#### [Task requirements]
Beneath this line are the data; copy exactly the part of them that opens with the line containing "Các em học sinh" and closes with the line containing "En tanto, la", and only that part.

#### [Records supplied]
····················
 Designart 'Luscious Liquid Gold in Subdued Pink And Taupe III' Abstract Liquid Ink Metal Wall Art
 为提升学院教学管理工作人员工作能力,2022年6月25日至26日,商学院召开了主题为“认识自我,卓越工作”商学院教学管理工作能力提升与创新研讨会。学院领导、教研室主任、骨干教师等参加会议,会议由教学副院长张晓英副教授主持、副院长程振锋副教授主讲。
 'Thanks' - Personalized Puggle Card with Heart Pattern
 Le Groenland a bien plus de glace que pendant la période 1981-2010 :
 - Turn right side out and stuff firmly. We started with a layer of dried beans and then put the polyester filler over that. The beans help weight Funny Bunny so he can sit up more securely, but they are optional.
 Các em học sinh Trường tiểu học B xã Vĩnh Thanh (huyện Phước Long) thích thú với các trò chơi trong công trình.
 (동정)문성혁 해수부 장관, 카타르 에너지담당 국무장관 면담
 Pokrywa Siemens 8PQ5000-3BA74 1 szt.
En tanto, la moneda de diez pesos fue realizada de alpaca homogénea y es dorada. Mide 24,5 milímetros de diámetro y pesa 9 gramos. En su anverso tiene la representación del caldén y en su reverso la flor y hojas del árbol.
····················
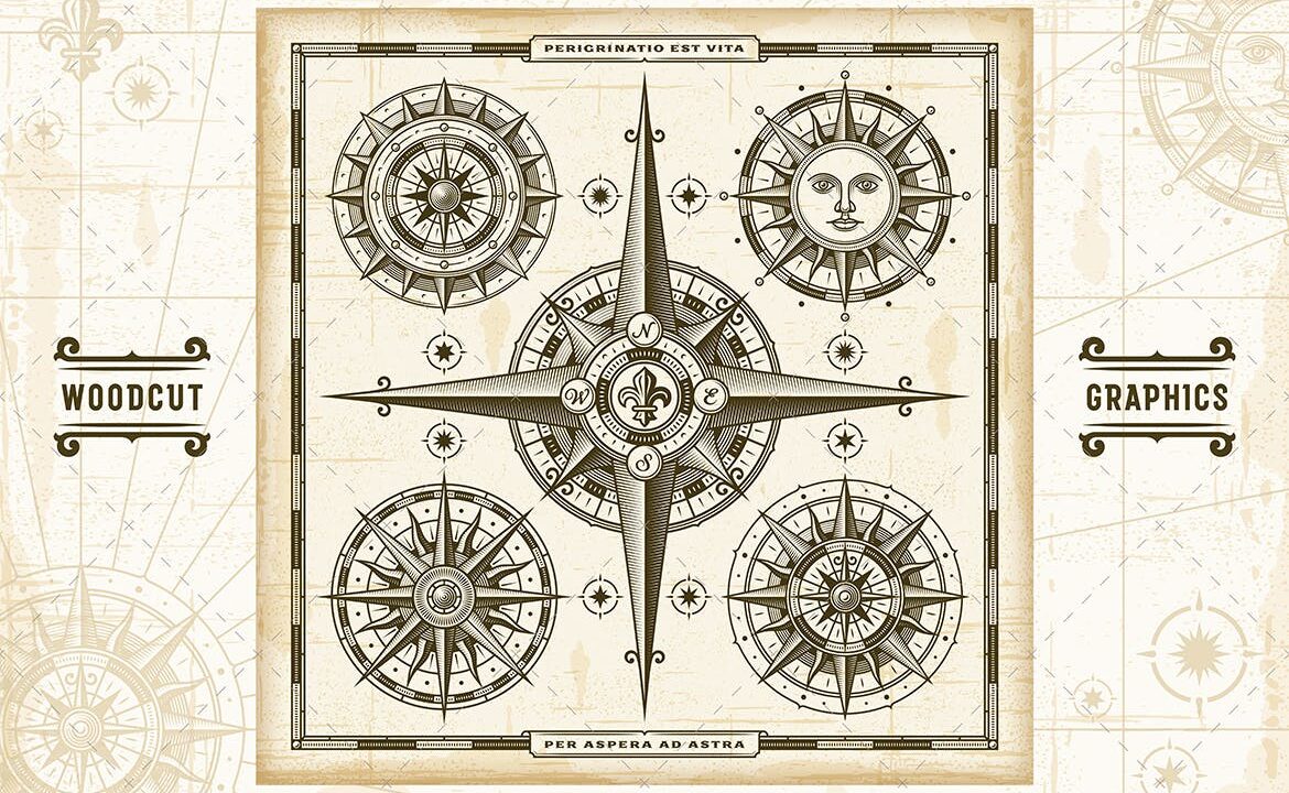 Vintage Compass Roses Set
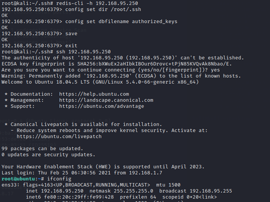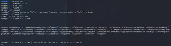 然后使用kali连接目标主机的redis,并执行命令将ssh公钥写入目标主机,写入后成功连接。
····················
#### [Answer space]
 Các em học sinh Trường tiểu học B xã Vĩnh Thanh (huyện Phước Long) thích thú với các trò chơi trong công trình.
 (동정)문성혁 해수부 장관, 카타르 에너지담당 국무장관 면담
 Pokrywa Siemens 8PQ5000-3BA74 1 szt.
En tanto, la moneda de diez pesos fue realizada de alpaca homogénea y es dorada. Mide 24,5 milímetros de diámetro y pesa 9 gramos. En su anverso tiene la representación del caldén y en su reverso la flor y hojas del árbol.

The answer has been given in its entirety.